I understand that the data as a whole has little to no correlation, but my hypothesis is that during extreme events, X might be predictive of Y. Is there any way to prove/disprove this hypothesis?
 
I've plotted the distribution of X and found that it follows a log-normal distribution. My idea is to exclude values n standard deviations away from the mean and plot the graph of n vs the R-squared value. If the R-squared value increases as I increase n, will this indicate that my hypothesis is correct?
 
beamthegreat said:
Is this data statistically significant?

A good statistical rule of thumb: if you have to ask, the answer is "no".

My personal view is that if you a posteriori throw away 96% of your data, you don't have much there there.
 
  • Like
Likes jim mcnamara and gleem
I went ahead and did it. Got a pretty decent correlation and an R-squared of 0.701.
 

Attachments

  • Screen Shot 2021-01-06 at 01.10.53.png
    Screen Shot 2021-01-06 at 01.10.53.png
    10.5 KB · Views: 269
Vanadium 50 said:
A good statistical rule of thumb: if you have to ask, the answer is "no".

My personal view is that if you a posteriori throw away 96% of your data, you don't have much there there.

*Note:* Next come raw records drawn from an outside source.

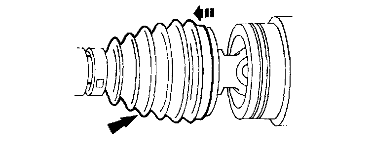 8. Remove the inboard driveshaft boot from the shaft assembly.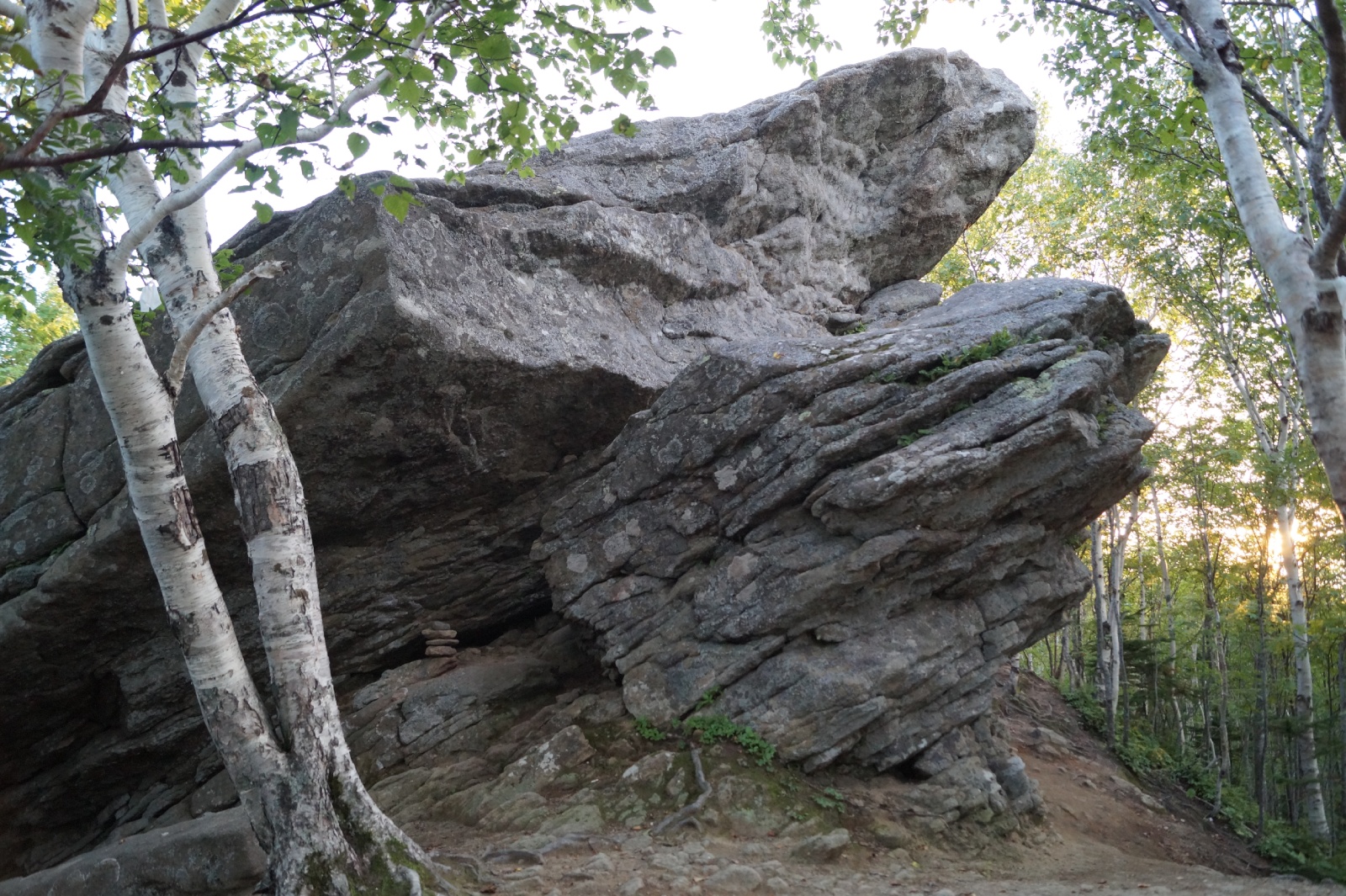 Побывали на останце с интересным названием Лягушка. Когда приехали, на часах время неумолимо приближалось к 20 часам. Прошли по деревянному настилу к металлической лестнице. Стали подниматься на гору. Преодолев около 450 ступеней, через 15 минут были на вершине у Лягушки, которая представляет собой слоистый каменный останец, по виду действительно похожий на земноводное. С его вершины открывался великолепный вид на множество сопок и горные долины.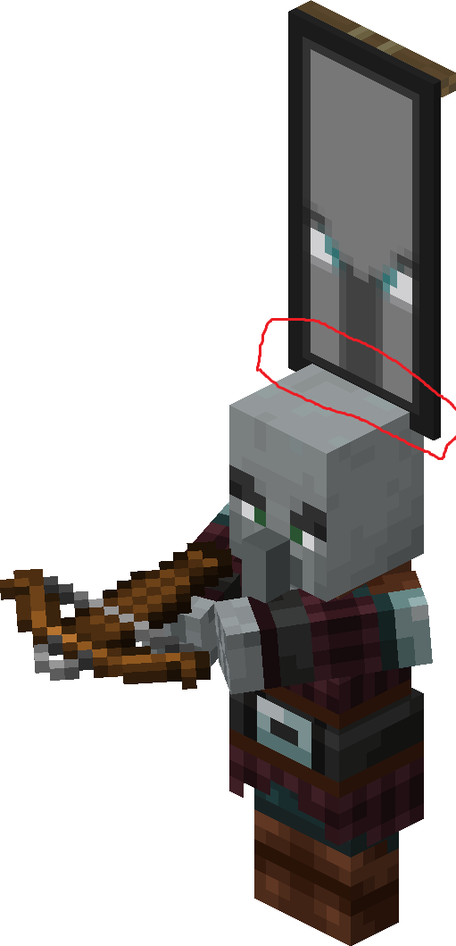 In Minecraft Bedrock edition and Minecraft Dungeons, the ominous banners equip on raid captains’ chestplate slot. In Java editions, the ominous banners equip on raid captains’ helmet slot, and the banner pole is too short.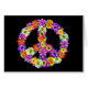 Un símbolo de paz floral en tonos rosa, amarillo, naranja, violeta, verde, blanco y negro.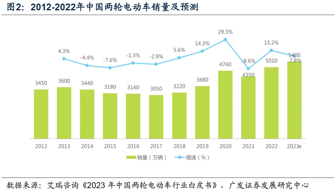 根据艾瑞咨询《2023年中国两轮电动车行业白皮书》数据,2022年中国电动两轮车销量约5010万辆,同比口径下增长了15%,2019-2022年销量CAGR达到11%。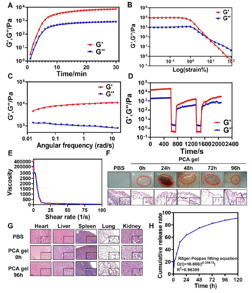 原兒茶酸(Protocatechuic acid , PCA)是一種來源于天然果蔬類的酚酸類物質,并且被證明可以靶向顆粒酶B的生理抑制劑SerpinB9 (Sb9),從而達到誘導腫瘤細胞凋亡的作用。雖然已有口服原兒茶酸能夠抑制四硝基喹啉-1-氧化物(4-nitro-quinoline-1-oxide, 4NQO)誘導的口腔鱗癌(OSCC)發生,但原兒茶酸的過短的半衰期仍然限制了其在臨床的進一步應用。為了克服原兒茶酸半衰期短的問題,四川大學陳謙明教授團隊結合其過往的研究基礎,構建了一種新型的原兒茶酸水凝膠。該水凝膠能夠通過緩釋延長原兒茶酸的半衰期,且具有良好的生物相容性和可注射性(圖1),體內實驗證明原兒茶酸能夠通過多種途徑促進OSCC凋亡,并在體內表現出較好的抗腫瘤效果(圖2)。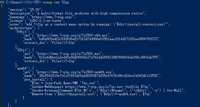 Scoop 的工作原理基于 PowerShell 脚本,通过指定 JSON 格式的 manifest 文件来描述软件包获取、安装和配置方法。单个软件支持安装多个版本。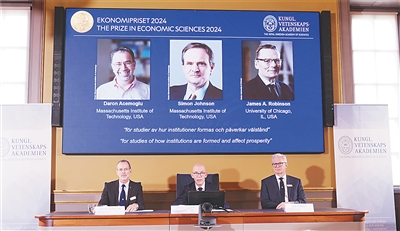 新华社斯德哥尔摩10月14日电 (记者张玉亮 陈静)瑞典皇家科学院14日在斯德哥尔摩宣布,将2024年诺贝尔经济学奖授予三位来自美国大学的经济学家达龙·阿杰姆奥卢、西蒙·约翰逊和詹姆斯·鲁滨逊,以表彰他们在关于制度如何形成并影响经济繁荣研究领域的突出贡献。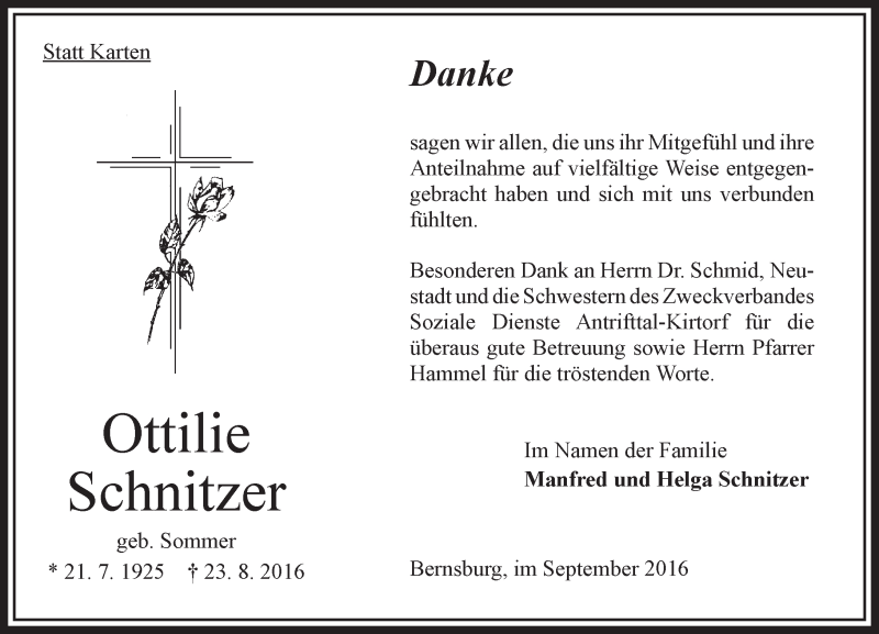 Hier finden Sie alle Traueranzeigen aus der Zeitung, die bisher für Ottilie Schnitzer erschienen sind. Weitere Traueranzeigen, die in der Zeitung erscheinen, werden hier ebenfalls aufgelistet
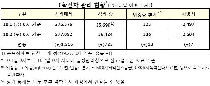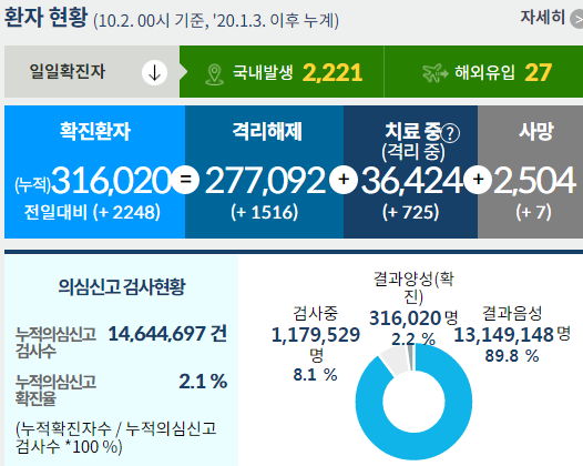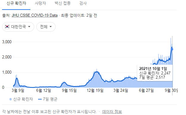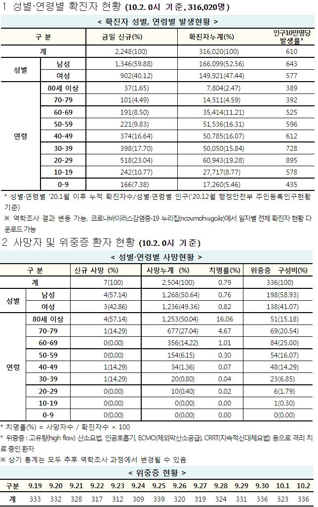 코로나19 집계(2021.10.2. 0시기준): 2248명 본문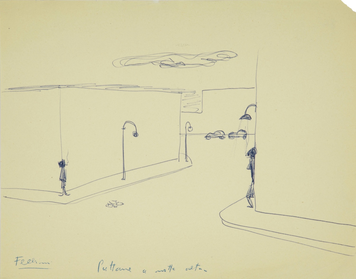 Disegno originale realizzato da Fellini negli anni '50 probabilmente durante la realizzazione del celebre film "Le notti di Cabiria" del 1957. Opera pubblicata nel volume "Federico Fellini: La mia Rimini" a pag. 116 da Guaraldi Editore nel 2003. L'espressione più immediata della straordinaria fantasia di Federico Fellini è sempre stata il disegno, sia durante la preparazione dei film, sia in quei momenti più intimi, spensierati e quindi gioiosi in cui, scaricatosi di tutte le energie creative, si tuffava in quelle più distensive e liberatorie che gli suggeriva il disegno. Piccola mancanza all'angolo superiore destro, lievi pieghe e piccoli strappi ai margini. Firmato e titolato.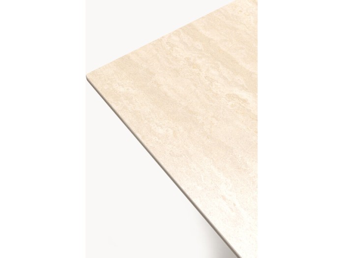 Η επιφάνεια σε travertin greige απόχρωση (ένα κομψό πάντρεμα beige και grey) αποπνέει φυσική κομψότητα, ενώ το κεραμικό stoneware με γυαλισμένο φινίρισμα προσφέρει ανθεκτικότητα και πρακτικότητα στην καθημερινή χρήση. Η βάση από ατσάλι με powder-coated επεξεργασία σχηματίζει δύο δυναμικά, καμπυλωτά στοιχεία που δημιουργούν ένα εντυπωσιακό visual effect, δίνοντας στο τραπέζι μια σχεδόν καλλιτεχνική υπόσταση.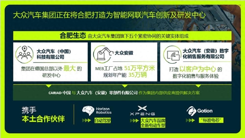 大眾安徽(原江淮大眾)與上汽大眾、一汽-大眾不同,重心完全放在新能源方面,也是大眾在國內第一家專注于新能源汽車的合資企業,目前已建成的工廠主要用于生產較為成熟的MEB平臺車型,規劃年產能35萬臺。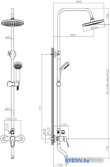 | Диаметр (ширина) верхнего душа | 200 мм |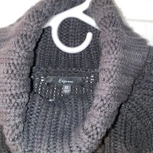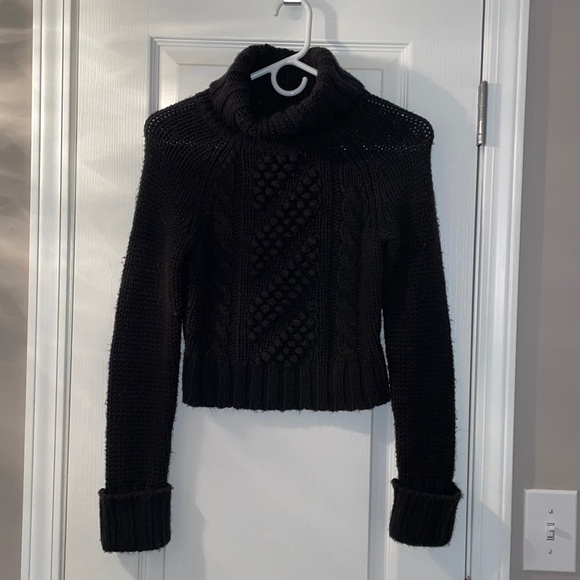 Express women’s turtleneck cropped sweater, size is XS, color is black, material is merino wool and acrylic, condition is worn a few times, cable and Pom Pom on front, and no snags or holes.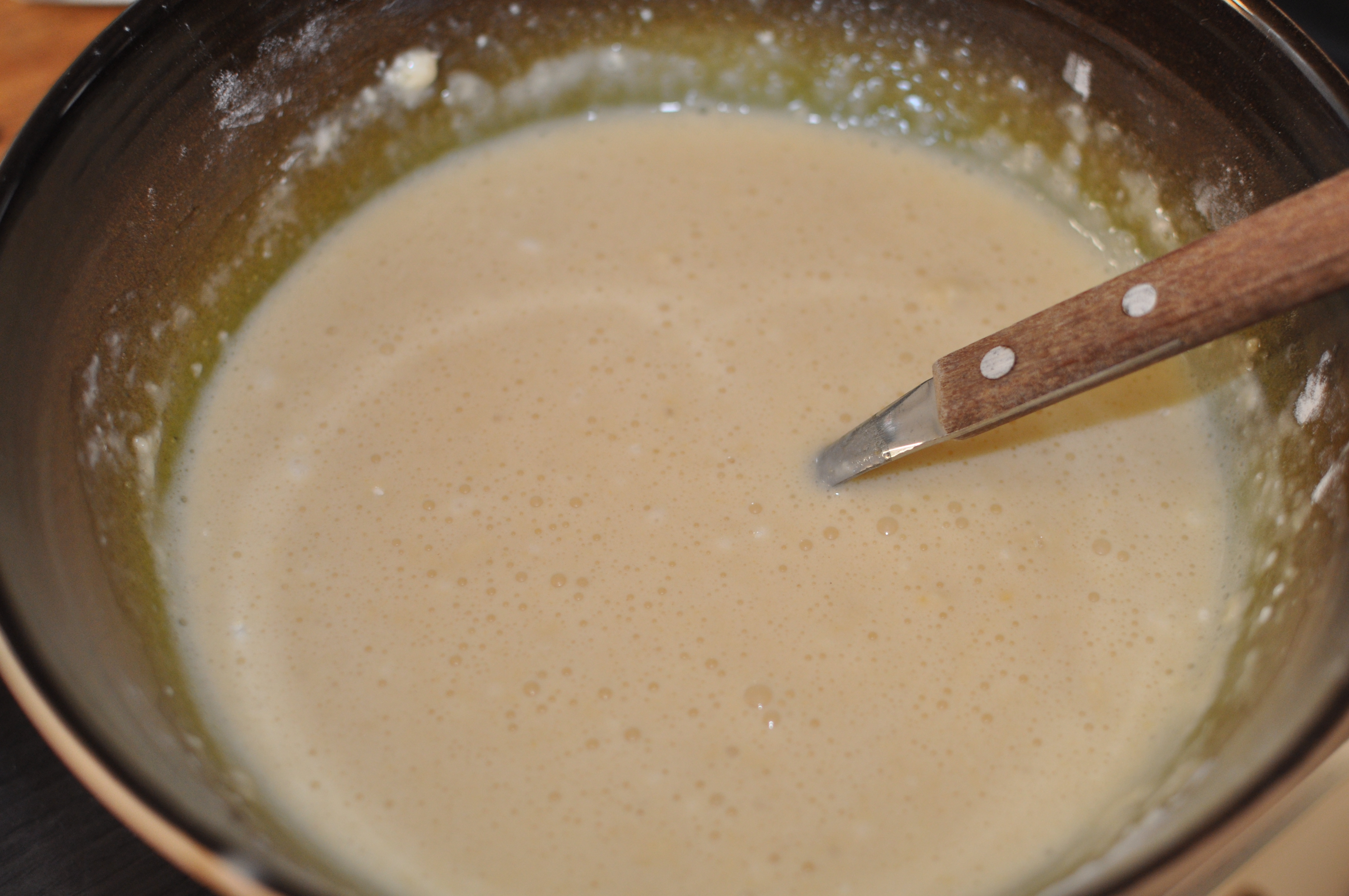 No miltiem, olām, cukura, saldā krējuma un cepamā pulvera pagatavojam mīklu. Tā pēc biezuma atgādinās biezo pankūku mīklu. Pannā ieklājam cepamo papīru (obligāti), mīklu izlīdzina un cepj 10 minūtes 175 grādu temperatūrā.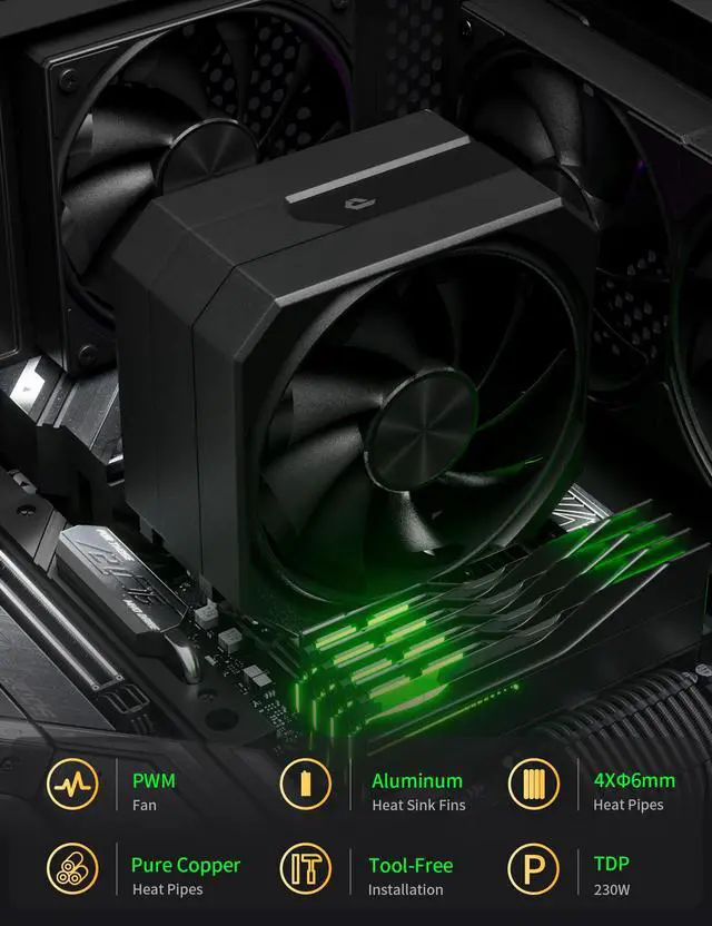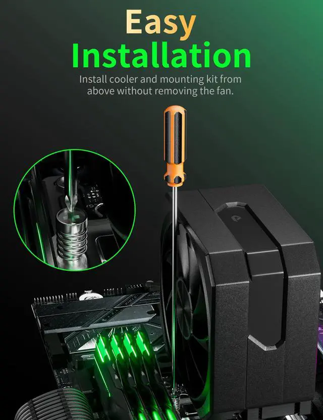 up1 series CPU air cooler features non-disassembly fan installation for hassle-free setup, allowing you to install the cooler without removing your motherboard and RAM.

I've used all the data with my method but not sure if that's indicative of anything. Are there any other ways to prove/disprove this hypothesis?
 


here's what it looks like
 
beamthegreat said:
I've used all the data with my method but not sure if that's indicative of anything. Are there any other ways to prove/disprove this hypothesis?
So your question is: If the low Y outliers tend to be associated with low X values and the high Y outliers tend to be associated with high X values, can a statistical significance be established. Good question. It doesn't seem unreasonable to me. But I do not see that tendency in the data in your original post.
 
  • Like
Likes beamthegreat
  • #10
FactChecker said:
So your question is: If the low Y outliers tend to be associated with low X values and the high Y outliers tend to be associated with high X values, can a statistical significance be established. Good question. It doesn't seem unreasonable to me.

Exactly my question.

FactChecker said:
But I do not see that tendency in the data in your original post.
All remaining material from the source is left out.